I'm only a lowly 1250ish blitz player here, so I was more than a bit shocked to promptly beat Fritz set at 1850 level 3x in a row quite easily. I would guesstimate that Fritz's play level in these games against me was equal to that of a 1150 on chess.com at 5-minute blitz.

 

Am I setting the CPU up correctly? 

 

 

Here is an example game I just played - I was white, and Fritz actually resigned the position in the midgame!
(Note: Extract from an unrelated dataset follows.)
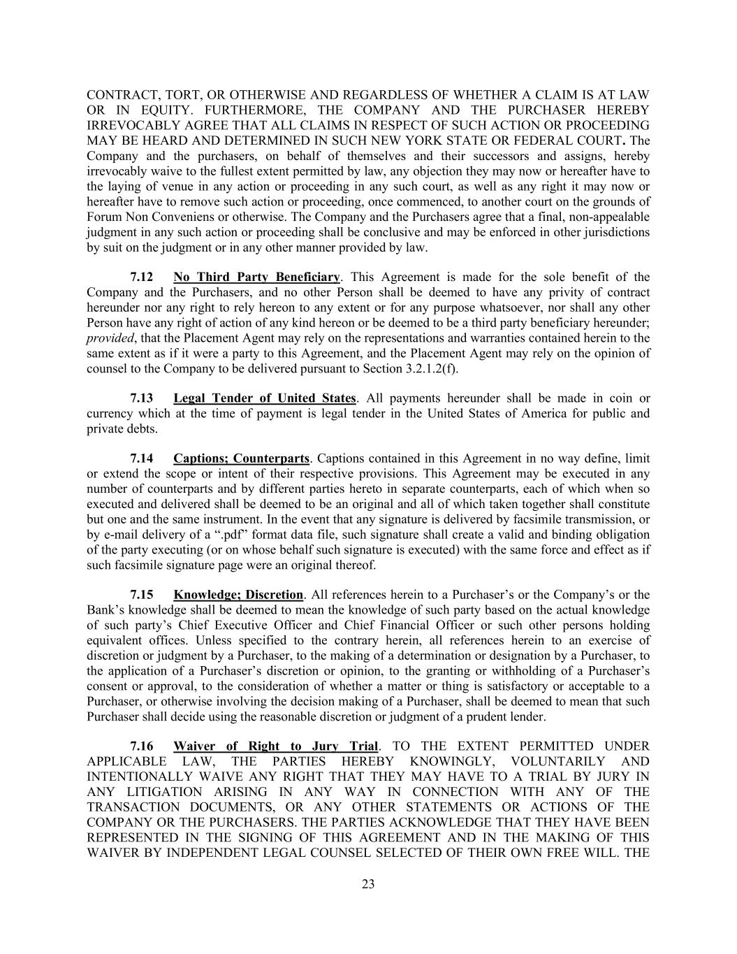 23 CONTRACT, TORT, OR OTHERWISE AND REGARDLESS OF WHETHER A CLAIM IS AT LAW OR IN EQUITY. FURTHERMORE, THE COMPANY AND THE PURCHASER HEREBY IRREVOCABLY AGREE THAT ALL CLAIMS IN RESPECT OF SUCH ACTION OR PROCEEDING MAY BE HEARD AND DETERMINED IN SUCH NEW YORK STATE OR FEDERAL COURT. The Company and the purchasers, on behalf of themselves and their successors and assigns, hereby irrevocably waive to the fullest extent permitted by law, any objection they may now or hereafter have to the laying of venue in any action or proceeding in any such court, as well as any right it may now or hereafter have to remove such action or proceeding, once commenced, to another court on the grounds of Forum Non Conveniens or otherwise. The Company and the Purchasers agree that a final, non-appealable judgment in any such action or proceeding shall be conclusive and may be enforced in other jurisdictions by suit on the judgment or in any other manner provided by law. 7.12 No Third Party Beneficiary. This Agreement is made for the sole benefit of the Company and the Purchasers, and no other Person shall be deemed to have any privity of contract hereunder nor any right to rely hereon to any extent or for any purpose whatsoever, nor shall any other Person have any right of action of any kind hereon or be deemed to be a third party beneficiary hereunder; provided, that the Placement Agent may rely on the representations and warranties contained herein to the same extent as if it were a party to this Agreement, and the Placement Agent may rely on the opinion of counsel to the Company to be delivered pursuant to Section 3.2.1.2(f). 7.13 Legal Tender of United States. All payments hereunder shall be made in coin or currency which at the time of payment is legal tender in the United States of America for public and private debts. 7.14 Captions; Counterparts. Captions contained in this Agreement in no way define, limit or extend the scope or intent of their respective provisions. This Agreement may be executed in any number of counterparts and by different parties hereto in separate counterparts, each of which when so executed and delivered shall be deemed to be an original and all of which taken together shall constitute but one and the same instrument. In the event that any signature is delivered by facsimile transmission, or by e-mail delivery of a “.pdf” format data file, such signature shall create a valid and binding obligation of the party executing (or on whose behalf such signature is executed) with the same force and effect as if such facsimile signature page were an original thereof. 7.15 Knowledge; Discretion. All references herein to a Purchaser’s or the Company’s or the Bank’s knowledge shall be deemed to mean the knowledge of such party based on the actual knowledge of such party’s Chief Executive Officer and Chief Financial Officer or such other persons holding equivalent offices. Unless specified to the contrary herein, all references herein to an exercise of discretion or judgment by a Purchaser, to the making of a determination or designation by a Purchaser, to the application of a Purchaser’s discretion or opinion, to the granting or withholding of a Purchaser’s consent or approval, to the consideration of whether a matter or thing is satisfactory or acceptable to a Purchaser, or otherwise involving the decision making of a Purchaser, shall be deemed to mean that such Purchaser shall decide using the reasonable discretion or judgment of a prudent lender. 7.16 Waiver of Right to Jury Trial. TO THE EXTENT PERMITTED UNDER APPLICABLE LAW, THE PARTIES HEREBY KNOWINGLY, VOLUNTARILY AND INTENTIONALLY WAIVE ANY RIGHT THAT THEY MAY HAVE TO A TRIAL BY JURY IN ANY LITIGATION ARISING IN ANY WAY IN CONNECTION WITH ANY OF THE TRANSACTION DOCUMENTS, OR ANY OTHER STATEMENTS OR ACTIONS OF THE COMPANY OR THE PURCHASERS. THE PARTIES ACKNOWLEDGE THAT THEY HAVE BEEN REPRESENTED IN THE SIGNING OF THIS AGREEMENT AND IN THE MAKING OF THIS WAIVER BY INDEPENDENT LEGAL COUNSEL SELECTED OF THEIR OWN FREE WILL. THE

I'd estimate the level of play at 1150 or 1200 at best compared to a chess.com 5-min blitz player.

The time control was set to 60 minutes but I used up less than 3 minutes of my clock time to win the game.

 

 

 
 
And here's the one I played right before it, which it also resigned with less than 3 mins of my clock time used.
 
 
 
 
And I'll get out in front of the trolls and say outright - NO, I am SURE I am nowhere near 1800 in any rating system - I've played enough games to know that, so this isn't a post trolling to find out 'how awesome I am' - if I was that awesome, I wouldn't be a 1250 blitz player!
 
For reference, I can beat the chess.com android phone engine about 50% of the time if it's set at 1600 level on my phone if I'm playing it 'for real' in a 5' blitz game, and it puts up much more resistance than these two listed Fritz games. 
 
VyboR

I do not own Fritz, so I cannot help you with that. I share your opinion, it plays nowhere near 1850.
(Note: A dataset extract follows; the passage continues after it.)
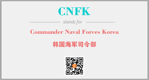 英文缩略词“CNFK”经常作为“Commander Naval Forces Korea”的英文缩写来使用,中文表示:“韩国海军司令部”。本文将详细介绍英文缩写词CNFK所代表英文单词,其对应的中文拼音、详细解释以及在英语中的流行度。此外,还有关于缩略词CNFK的分类、应用领域及相关应用示例等。
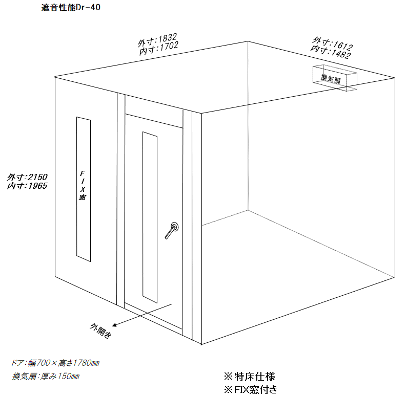 外寸:1832(換気+150)×1612×2150㎜ 内寸:1702×1482×1965㎜ |

This is a common problem when you don't set chess engines at full strength. Some engines occasionally pick the 2nd or 3rd "best move" to mimic lower strength, while only the 1st move wasn't losing on the spot. Downside is also that these blunders can look inhuman, as the computer does not know when it is a hard to spot blunder (which can be human), or completely bad (e.g. first game 11...Bxf2+??)

What you could do is set the engine "at full strength", but only allow it search for x ply deep. That should at least prevent these horrible 1-move blunders.

hhnngg1

I was just surprised that I saw somewhere online a few recommendations for a program of chess improvement, to play Fritz a bunch of times to roughly get an ELO estimate for which you could benchmark against, and another suggesting that playing at 1800 Fritz level was a baseline for the program, so it seemed like some people were trusting in its consistency in play.

kleelof

Those values they give for ratings in software are for selling the software. Not as a realistic measure of your skill.

EscherehcsE

One of the reasons I'm not a big fan of Chessbase products is that they seem to not volunteer a lot of detailed information about their software. I really think they do it on purpose; I don't think it's just laziness.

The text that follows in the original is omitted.